Leave No Trace

Written by Mindy Meija

Review written by Andrew Hill

A former Customs and Police Officer, Andrew Hill is just putting the finishing touches to the first book in a crime series set in the New Forest, where he lived for 30 years. An avid reader across the crime genre and regular at Crimefest, he now lives in West Sussex and works in property.


Leave No Trace
Quercus
RRP: £14.99
Released: September 4 2018
PBK

Maya Stark works at Congdon Psychiatric Institute as a speech thrapist and at the opening of the book has just been attacked by nineteen year old Lucas Blackthorn. Lucas. Someone who has ‘come back from the dead’.

It appears that Lucas and his father vanished into the wilds of Minnesota’s Boundary Waters some ten years ago, after his father was suspected of involvement in the death of their landlady.

Arrested whilst raiding a store, Lucas appears to be violent and uncommunicative. But over time he opens up to Maya, shedding some doubt on his involvement in the landlady’s death - and revealing that his father is still alive, but very sick.

As their relationship grows, it’s clear that Maya and Lucas have some common strands to their lives. Maya’s mother abandoned her, after some idyllic time spent in the Boundary Waters.

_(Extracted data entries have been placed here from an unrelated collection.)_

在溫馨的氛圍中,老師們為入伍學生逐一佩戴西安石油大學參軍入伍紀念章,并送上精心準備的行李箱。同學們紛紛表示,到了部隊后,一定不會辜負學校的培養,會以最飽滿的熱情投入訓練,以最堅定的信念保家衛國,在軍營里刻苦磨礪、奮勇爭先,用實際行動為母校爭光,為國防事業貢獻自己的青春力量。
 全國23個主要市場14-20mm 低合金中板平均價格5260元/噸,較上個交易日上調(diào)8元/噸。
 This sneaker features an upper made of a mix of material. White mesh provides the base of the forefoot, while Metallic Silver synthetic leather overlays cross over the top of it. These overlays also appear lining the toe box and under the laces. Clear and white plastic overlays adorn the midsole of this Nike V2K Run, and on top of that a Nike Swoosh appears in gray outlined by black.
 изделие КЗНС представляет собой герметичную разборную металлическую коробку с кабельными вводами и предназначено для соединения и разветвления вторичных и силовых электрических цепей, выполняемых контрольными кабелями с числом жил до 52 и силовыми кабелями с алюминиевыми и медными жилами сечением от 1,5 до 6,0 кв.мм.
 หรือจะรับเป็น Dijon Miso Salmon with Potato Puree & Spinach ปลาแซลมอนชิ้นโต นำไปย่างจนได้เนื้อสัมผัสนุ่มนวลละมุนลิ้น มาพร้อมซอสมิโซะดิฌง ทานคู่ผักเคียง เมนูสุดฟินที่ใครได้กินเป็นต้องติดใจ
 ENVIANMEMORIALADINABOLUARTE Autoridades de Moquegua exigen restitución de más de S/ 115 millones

Maya herself was a ‘loner’ and when two boys assaulted her, she killed one of them, and became a patient in Congdon’s Psychiatric Institute.

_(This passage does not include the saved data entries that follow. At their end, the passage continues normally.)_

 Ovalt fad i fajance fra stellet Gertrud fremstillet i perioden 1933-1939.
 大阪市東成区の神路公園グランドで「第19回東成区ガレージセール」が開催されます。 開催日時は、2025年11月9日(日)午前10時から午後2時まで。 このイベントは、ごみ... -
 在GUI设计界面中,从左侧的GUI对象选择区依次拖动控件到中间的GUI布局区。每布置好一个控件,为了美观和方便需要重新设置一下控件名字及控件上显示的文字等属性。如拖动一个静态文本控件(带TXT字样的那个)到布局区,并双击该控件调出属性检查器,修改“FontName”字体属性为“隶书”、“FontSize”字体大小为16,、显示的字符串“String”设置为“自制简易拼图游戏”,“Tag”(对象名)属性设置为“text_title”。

These are two people with fractured childhoods, and an inability to forge relationships with others in their age group. However, as they grow closer, a plan is hatched to break Lucas out of Congdon and get him back to his father in the wilderness.

This journey of discovery for the two central characters is handled with subtlety by the author and is central to the story’s arc. They set themselves on a road that will lead them to the truth of what happened to Maya’s mother, the death of the landlady and how they come realise their lives are more intertwined than they’d assumed. It’s skilfully revealed.

This book is hard to pigeonhole in the crime genre, and that makes it an intriguing and involving addition to the genre.